La Fiscalía admitió una denuncia penal contra el expresidente Evo Morales y otras once personas, a quienes se les acusa de “autores y cómplices” de trata de personas. De acuerdo con el memorial —admitido el 30 de diciembre—, los hechos se produjeron entre 2015 y 2020. La presunta víctima fue identificada como Noemí Meneses Chávez, quien —según la acusación— fue trasladada por vía aérea desde los 14 años a distintos destinos del país para sostener encuentros íntimos con el entonces jefe de Estado.
Entre los cómplices, el memorial menciona al exgerente de Boliviana de Aviación (BoA), Ronald Casso, además de otras diez personas que, según Alcázar, facilitaron el traslado de la entonces menor desde Cochabamba hacia otros departamentos del país. En la lista figuran funcionarios y exfuncionarios públicos, así como personas vinculadas a distintas reparticiones estatales.
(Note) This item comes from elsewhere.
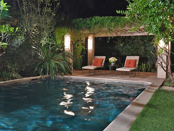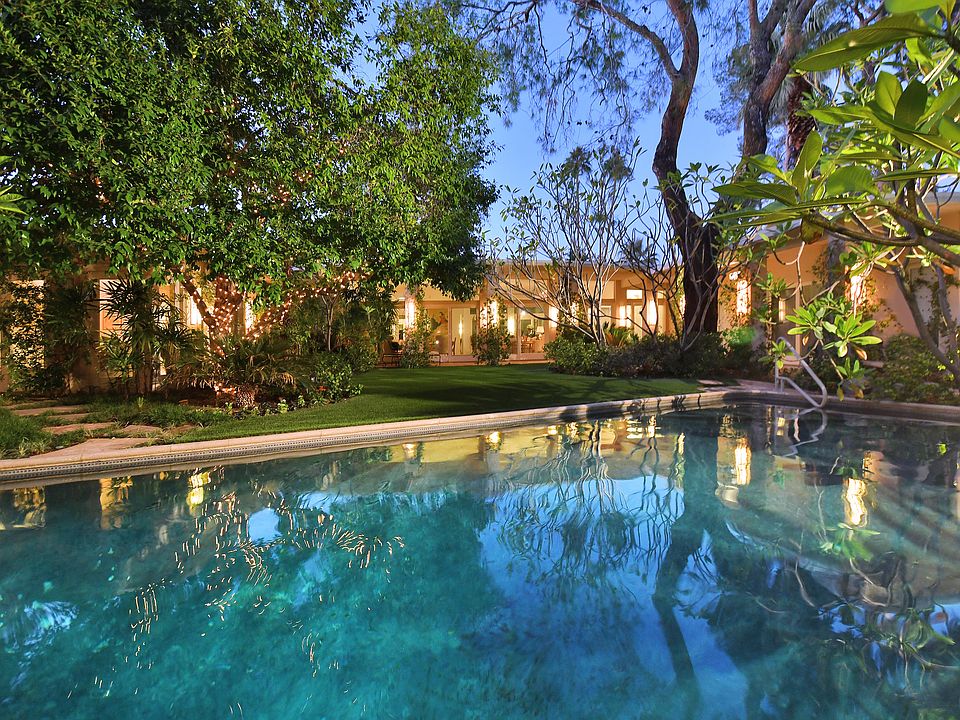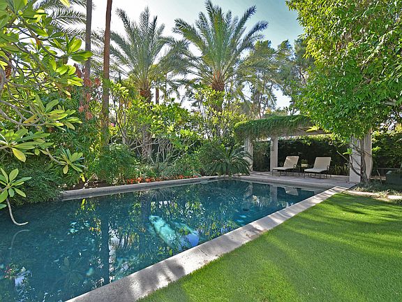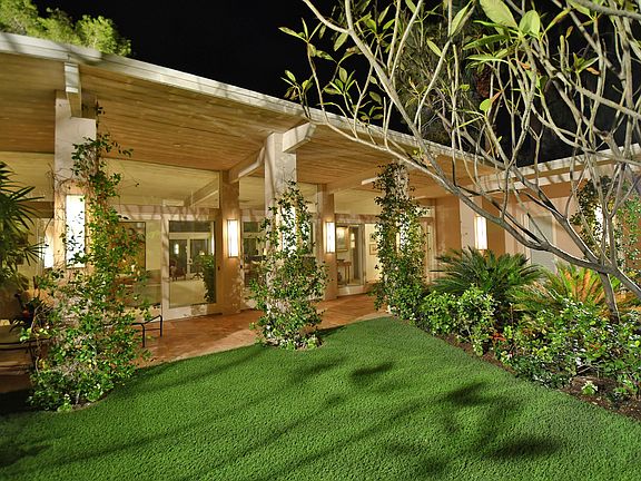 Palm trees sway gently beside the mature grapefruit trees surrounding this beautifully landscaped oasis while skylights, walls of sliding glass doors and clerestory windows bring the outdoors inside. Home of the late James MacArthur, icon of the original Hawaii Five-O television series, the flagrant plumeria blossoms and lush tropical foliage bring 'Danno's' beloved Hawaii to life, creating a shady refuge from the desert heat. Years of meticulous, top quality upgrades and improvements, both inside and out, have merged to create a home that is both classic, cozy and timeless.

También se menciona a Rodolfo Castro, actual funcionario de Mi Teleférico; a Luis Hernán Soliz Morales, quien en 2020 figuraba como asistente personal del exmandatario, dependiente del Ministerio de la Presidencia, y a servidores públicos relacionados con la Gobernación de Cochabamba y la Caja de Salud. Uno de los nombres que resalta en el documento es el de Carla Lorena Sandy, abogada que ocupó diversos cargos durante los gobiernos del MAS, entre ellos el de viceministra de Igualdad de Oportunidades en 2022 y directora de unidad en el Ministerio de Educación. Actualmente, según la denuncia, se desempeñaría como segunda secretaria de Bolivia ante la Organización de las Naciones Unidas (ONU), entidad en la que recientemente impulsó la declaración del “Día Internacional de las Mujeres y las Niñas Indígenas”.
Respecto a Casso, la denuncia recuerda que fue gerente de BoA durante las gestiones de Morales y de Luis Arce, y menciona además que su hermano, un excoronel de la Policía, fue asesor del exministro de Gobierno Eduardo del Castillo, lo que, en criterio del denunciante, refuerza la hipótesis de una red de influencias que permitió facilitar los traslados.
Alcázar sostuvo que allegados a Morales compraron los pasajes para Meneses y que, con apoyo interno, se burlaron los protocolos de seguridad. La denuncia señala que ni BoA ni las terminales aéreas de Cochabamba, Santa Cruz y, principalmente, La Paz exigieron el permiso para esos viajes.